Onestamente, sulle prime, oltre a un super-lavoro solo un grande smarrimento. Lei si ricorderà che per tutte le cerimonie il numero massimo di persone era di cinque. Valeva per tutti, non solo per chi, causa Covid19, aveva perso una persona cara. Ho visto famigliari depennati dalle liste di chi avrebbe potuto partecipare al funerale e noi, come tutti, non potevamo nemmeno stringere la mano alle persone che si rivolgevano a noi per avere non solo un servizio, ma anche un sostegno. È a quel punto che mi è nata l’idea: perché non usare le competenze acquisite al CISA per garantire almeno una parvenza di ultimo saluto condiviso? Ho così proposto di installare delle telecamere nello spazio cerimonie e di organizzarci per dei collegamenti streaming. Certo, non era la medesima cosa che essere lì, con parenti e amici, ma… pur non essendo in presenza fisica il poter partecipare era già una piccola stampella per reggere un dolore forzatamente dilatato. Glielo dico con quasi certezza perché in quei giorni mi sono trovato a organizzare anche il funerale di mia nonna, una delle persone che ho maggiormente amato. I nostri parenti di Milano hanno potuto seguire la cerimonia in diretta live su YouTube. Non è stato come essere lì tutti insieme, ma… già solo vedere (oltre che sapere) che c’eravamo è stato d’aiuto.

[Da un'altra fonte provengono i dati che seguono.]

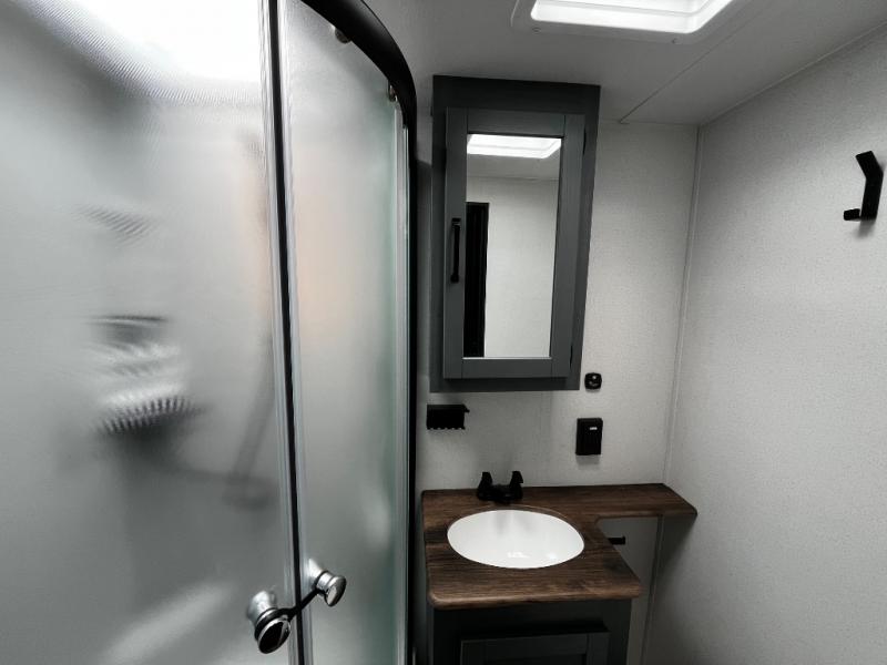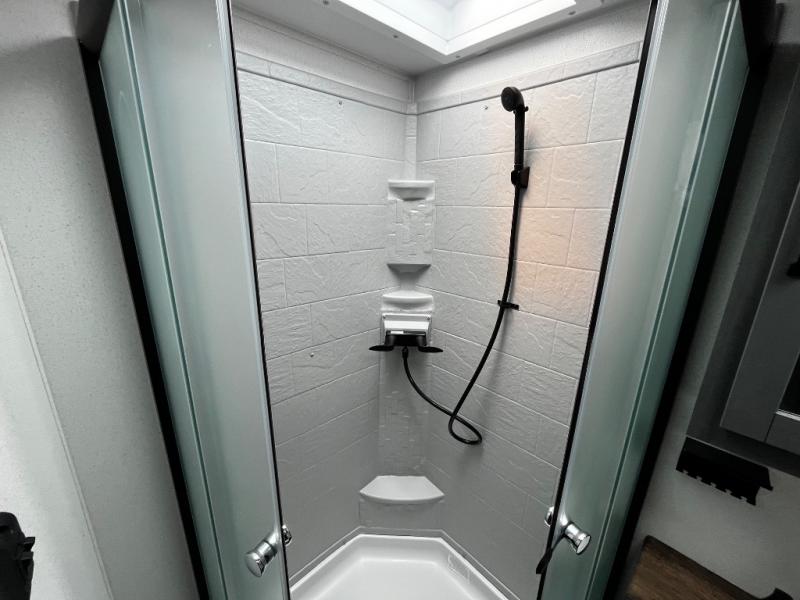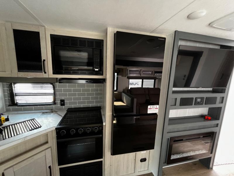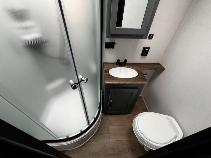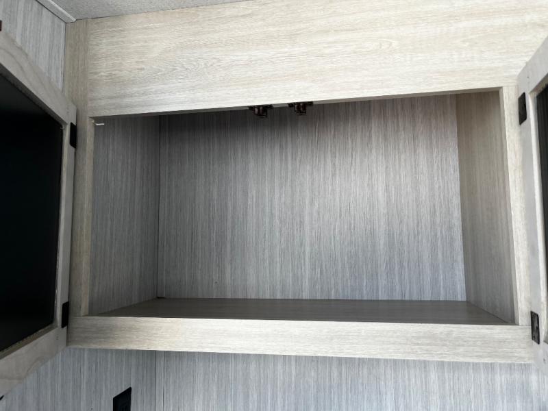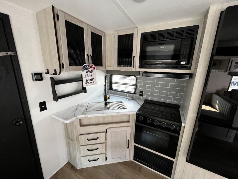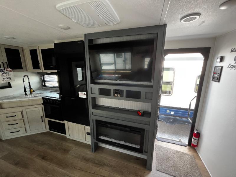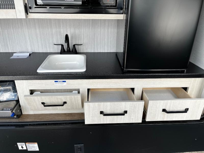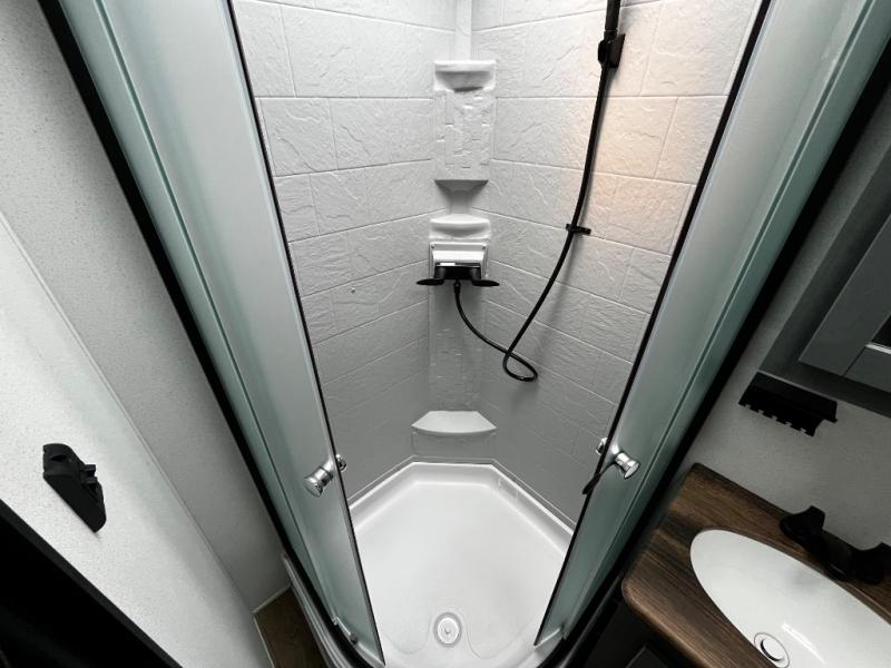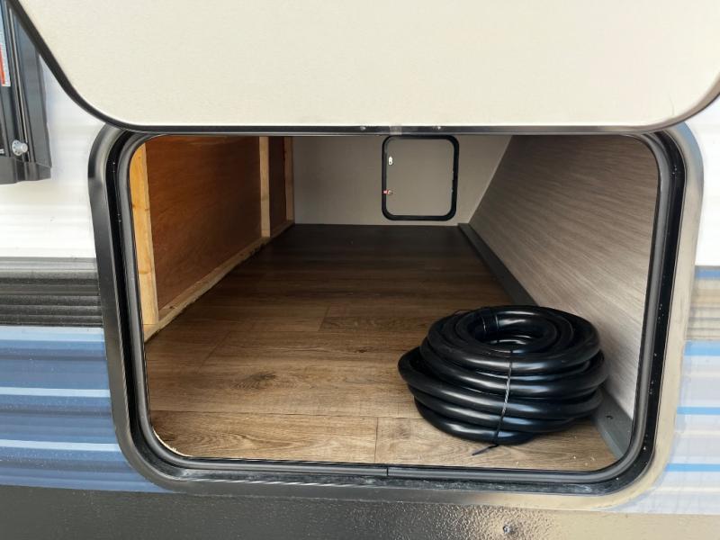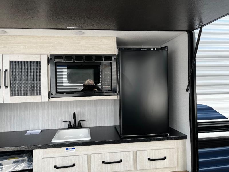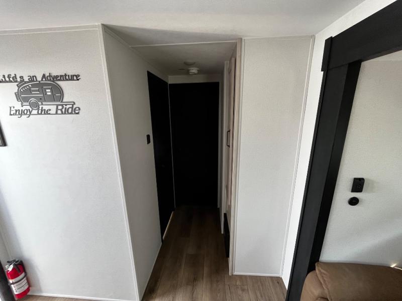 The kids will love having their own rear private bunkhouse in this travel trailer! Inside the bunkhouse is a 38" x 76" bunk above an entertainment center, a closet, and a 32" x 69" bunk above a jiffy sofa slide. The full bathroom with a 34" x 34" radius shower is just outside the bunkhouse for them to easily access it at night. They can even invite a friend or two to tag along and sleep on the sofa and U-shaped dinette once converted. Behind the entertainment center is a closet/pantry to keep your favorite snacks and the kitchen has a 12V refrigerator to keep your beverages cold. When you're ready to wind down your nights, head to the front private bedroom and relax on the queen bed with shirt closets and nightstands on either side of it, plus it has one of the dual entry doors to the unit! This model also includes two outside kitchen options if you enjoy cooking in the fresh outdoors!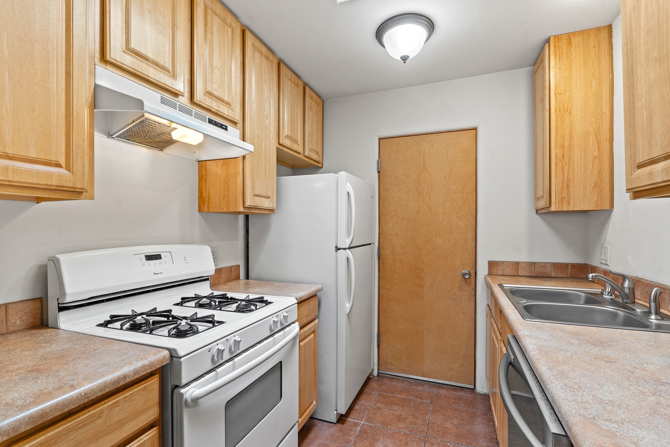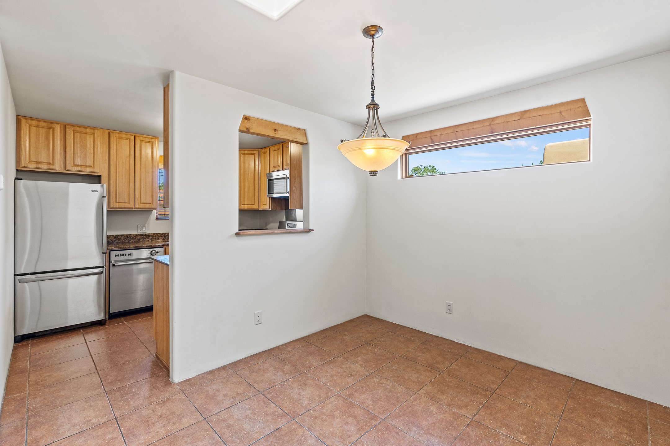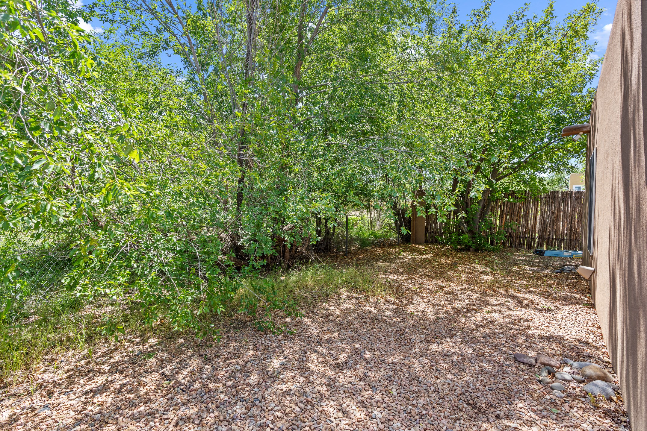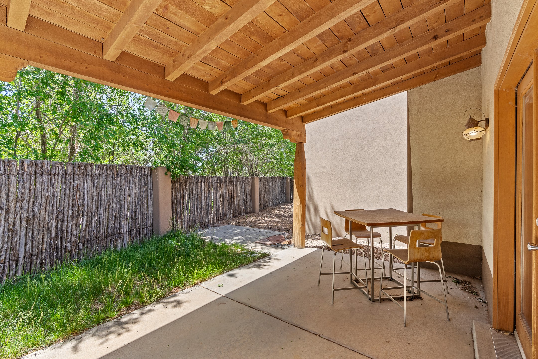 A versatile and charming property featuring a 3-bedroom, 2-bath main house plus a separate 1-bedroom, 1-bath guest house; ideal for rental income, extended family, or a home studio. The main house offers a spacious living area with tile floors, wood-beamed ceilings, and a traditional kiva fireplace, opening into the dining and kitchen area and a lovely covered patio area in a fully fenced yard. The primary suite includes a private bath and walk-in closet. A two-car garage adds to the flexible usage of the property. The guest house has its own entrance and includes a living area, kitchenette, bedroom, and full bath. There is also a washer / dryer hook-up, and it is separately metered. Centrally located, less than a 10-minute walk to restaurants such as Escondido and Tumbleroot Brewery, and a 10-minute drive to the Plaza.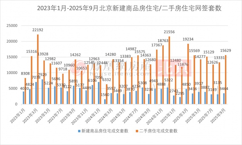 2023年1月-2025年9月北京新建商品房住宅/二手房住宅网签套数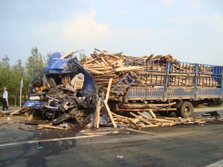 記者趕到現(xiàn)場時(shí)看到,現(xiàn)場已經(jīng)設(shè)立了警戒線,一輛白色大客車頭部扎進(jìn)路邊溝內(nèi)樹林,頂著兩棵小樹,只有后輪還搭在柏油路上?蛙嚽安颗で図斏w被掀起,風(fēng)擋玻璃破碎,車前部、地上、車內(nèi)到處可以看到斑斑血跡,還有一些零碎物品。在距離客車車尾4米左右,一輛拉著木板的藍(lán)色貨車車頭朝向松原方向停放在路上,車前部全部凹陷進(jìn)去,里面有大量血跡,車上木頭散落一地。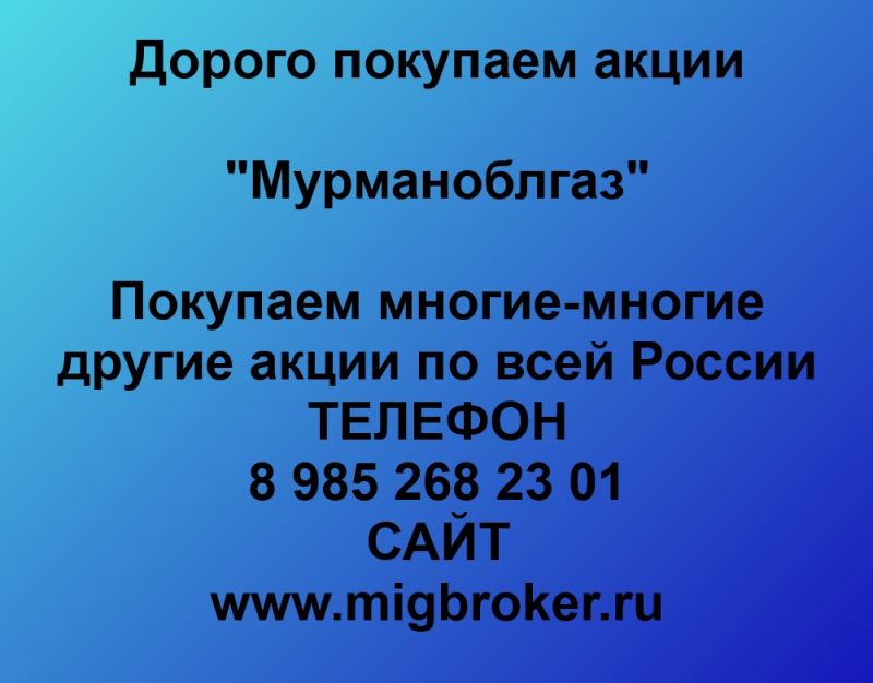 Покупаем акции ОАО Мурманоблгаз и любые другие акции по всей России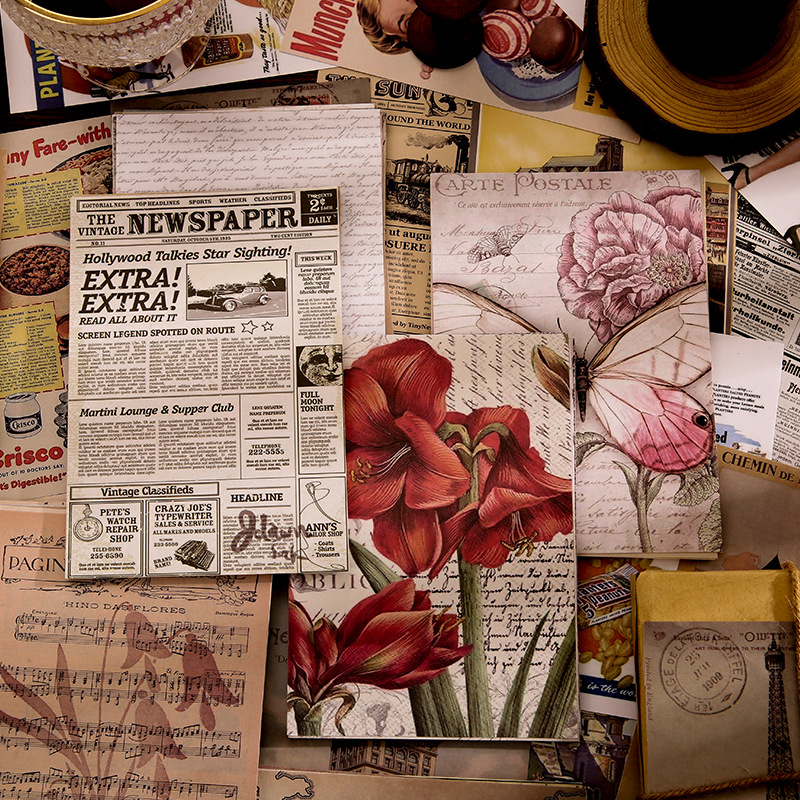 インス風レトロ手帳素材紙デコレーションステッカーDIY非粘着メモ英語新聞風背景手帳ステッカー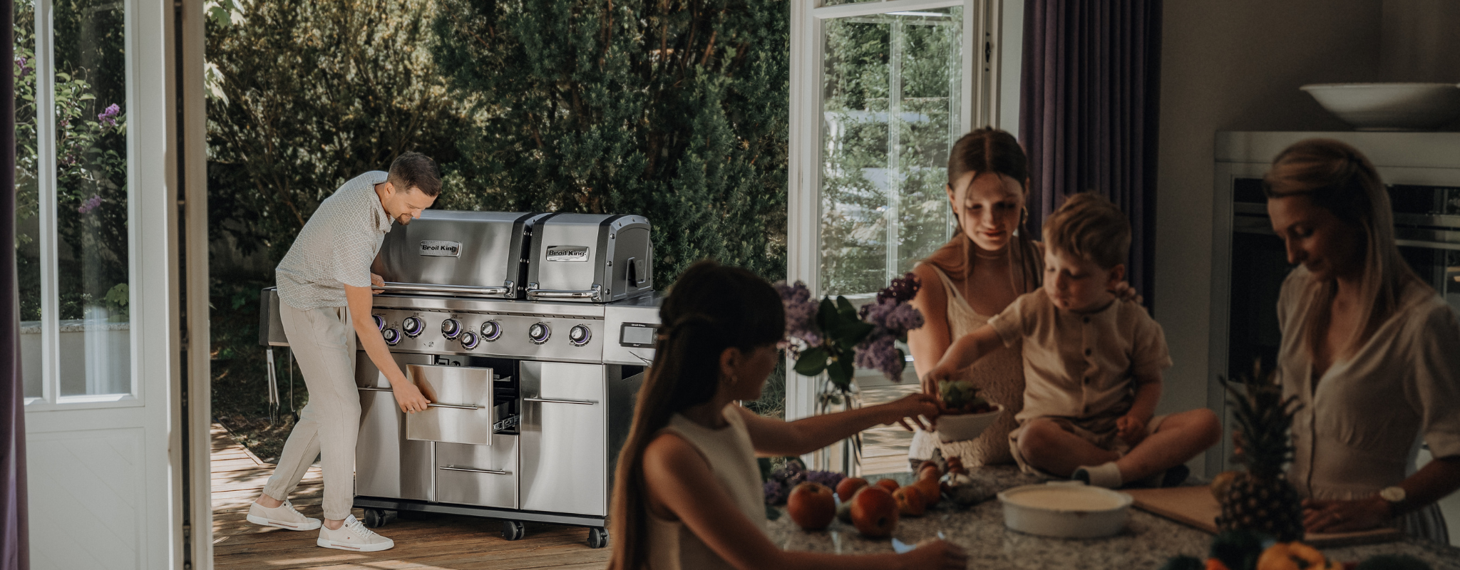 Broil King® Crown™-serien erbjuder både kraft och prestanda i en mängd olika format för att passa entusiaster av matlagning på grillen. Crown-serien har detaljer i kvalitativt, rostfritt stål såsom kontrollpanel och handtag.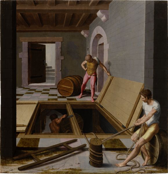 Curator: "The Artist's Studio," dating back to about 1760, by Hubert Robert, now residing here at the Städel Museum. It’s an oil painting capturing…well, an artist's studio. Editor: The immediate impression is the light – it feels hushed and observant, as though the painting itself is breathing. The artist caught at work and frozen within this hushed space feels like time bending around you. Curator: Observe how Robert frames the space using a complex structure of arches and columns, dissecting it. This interplay, along with the light you so keenly noted, creates a structured depth, subtly guiding the viewer's eye. The texture in the architectural elements introduces the charm and history of this interior space. Editor: I get this almost…ghostly, ethereal impression here, like watching the scene of a busy creative space captured with charcoal and fading as you are witnessing it. See that painter in the foreground; that little flash of color and gesture amongst all this age and geometry. I wonder what tale is on his canvas? Curator: Note the sculptural elements interspersed throughout the composition: fragmented torsos, classical busts. Robert strategically deploys these objects, to reflect on artistic lineage, and the construction of meaning through material and form. Editor: So it's less a depiction of reality, and more a meditation on the act of creating? An illusion inside of illusion… It's really making my head spin as the studio becomes some imagined realm of inspiration. Curator: Precisely. Robert is deeply engaged with the dialogue between history and the present, as the structure points to antiquity, juxtaposed to a functioning studio of the present. This creates an interplay of temporality. Editor: What a playful staging of inspiration then. In fact, you find that spark flickering, defying all that rigid architecture. All that remains now for me is imagining the conversations and music and movement happening, while the clock ticks. Curator: A very poetic summation, and indeed captures a core component to how Robert engages in constructing meaning through pictorial composition. Thank you. Editor: Likewise. I feel I've watched this space exist for much longer with your help.

Matteo, lei ha senza dubbio la forza dell’empatia, ma la sua professione resta pur sempre quella del necroforo…
È vero e, sinceramente, sulle prime mi sentivo piuttosto imbarazzato. Poi mi sono detto che io stavo-sto svolgendo la professione che volevo esercitare e che ho scelto, una professione che mi permette di dare un po’ di serenità alle persone in un momento in cui, a riempire le loro vite, sono il dolore, la tristezza, la malinconia. Certo che vedere me che mi guardo dal bus che mi sta davanti come volto delle onoranze funebri, continua a farmi una certa impressione. Le posso però assicurare che fintanto che la sera, prima di addormentarmi, potrò dire di aver aiutato qualcuno ad apprezzare la vita anche davanti alla morte, andrò avanti. È la mia vita, ma, soprattutto, è la professione che ho scelto e che amo.